Легкое беспокойство вдруг овладело Джейн. Доселе такая спокойная, она вдруг, пытаясь скрыть дрожь, нервно потеребила пояс. Что такое? Бросив взгляд с трибуны вниз, она поняла, в чем причина: внизу стоял человек и смотрел на нее с такой жадностью и бесстыдством, что от оскорбления ее на миг бросило в жар.
Это был молодой мужчина, лет двадцати трех, высокий, жилистый, сильный. Не слишком красивый, но с грозной грацией барса. Неправильное длинное лицо было обрамлено падающими на лоб прямыми темно-русыми волосами.
И адское жадное пламя было в зеленых глазах — самых зеленых, какие она когда-либо видела — под крутыми дугами бровей. Он стоял, облаченный в дорогой, мрачных тонов короткий пурпуэн и длинный сюрко, подбитый соболями, а руками так опирался на ограду, что казалось: еще миг, и он пружинисто вскочит сюда к ней, на трибуну.
Джейн проглотила комок, подступивший к горлу. Ее рука потянулась к отцу Гэнли:
— Что это за человек там внизу?
Священник мельком взглянул:
— Да это же Уорвик, миледи, победитель… Разве вы не видели его раньше?
Да, она не была с ним знакома и прежде видела только в доспехах и шлеме. Так это Уорвик, оказывается. Она лишь сейчас заметила драгоценную цепь у него на груди — турнирную награду. Взгляд, обращенный на нее, не польстил Джейн, а оскорбил и даже испугал. Резким движением она набросила прозрачный белый фай на лицо, стыдясь румянца, выступившего на щеках, и досадуя на свой испуг.
Если раньше дамы сожалели о том, что Уорвик не свободен, то теперь пришлось сожалеть ему самому. Доселе, занятый турнирной борьбой, он не обращал никакого внимания на пресловутую Джейн Бофор — не до того было. Теперь, освободившись от лат, умывшись и переодевшись, он явился наблюдать за дальнейшим турниром, явился уже беззаботно, ничем не обеспокоенный. Хотелось поглядеть на дочку Сомерсета — она воспитывалась во Франции, ее мало кто видел, но говорили, что она красива.
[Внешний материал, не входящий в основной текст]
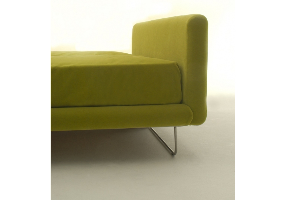 Avalon Bed designed by Eero Koivisto for Living Divani is an upholstered bed, with slatted base and satin stainless steel frame, featuring a sleek design made up of sinuous contours. Bed with headboard and bedstead structure in double-panelled poplar and pine padded in differentiated density polyurethane foam. Covering in needle punched, resinated, nonwoven polyester fibre, bonded onto a polyamide velveteen backing. Base in AISI 304 stainless steel tube, with matt satin-finish. Black lacquered metal frame for bed assembly and slat base support. Fabric or leather upholstery, both fully removable by Velcro fastenings. Fabric cover to protect the slat base, in 100% cotton, col. Ecru, fixed to the bedstead upholstery by zippers to open it on the sides and allow to inset the slat base.

Он посмотрел — и замер. А потом уставился на нее, не отрывая глаз. Чуть позже его действительно пронзила острая жалость. Не потому, что она опустила фай, — он ее уже и так рассмотрел. И не потому, что он уже женат и не может принять участие в борьбе за ее руку. Об этом он даже не подумал. Однако ему чертовски стало досадно, когда он представил, что уже нынче ночью эта юная леди достанется кому-то другому.